I brought the concept to Gigi and she has been artful and diligent in bringing it into being, at least as a book cover. She also writes detailed emails to make her thought process and my choices very clear to both of us. The original tattoo, in my mind that is, is not exactly the one you see here. Along the way, we made some significant changes in the overall shape of the image, from circular to more vertical, and that banner went away, but I quite like where we’ve ended up.

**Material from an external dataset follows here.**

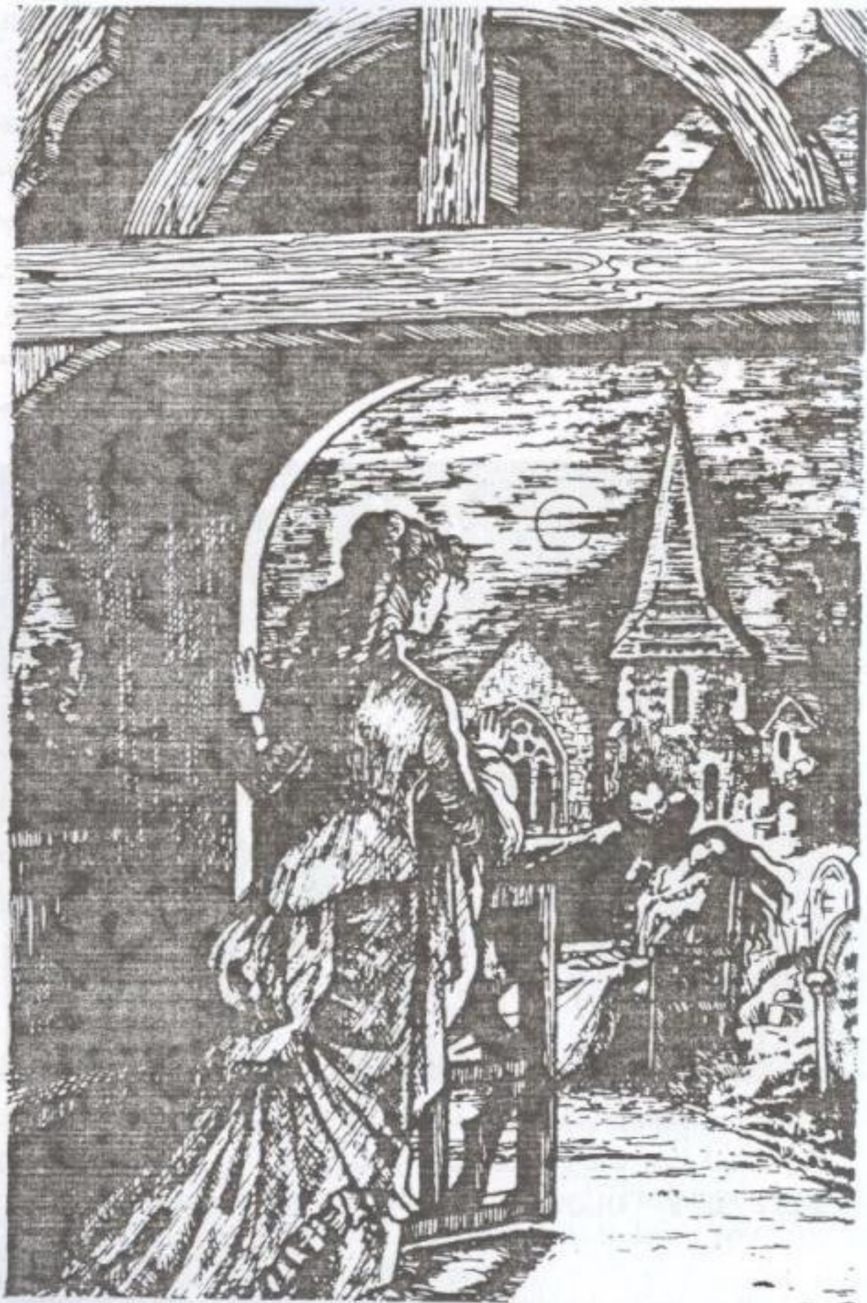
Mina thought she saw a white face and two red eyes.

It’s much easier to make revisions in the digital than in the fleshly, people. Which I think is a validation of my approach to getting tattooed. 1. Have the idea for the tattoo. 2. Don’t get it. 3. Write and publish several nonfiction essays, many highly personal. 4. Find a publisher for the collection. 5. Create the book cover using your tattoo idea. 6. Then get the tattoo. Makes sense to me.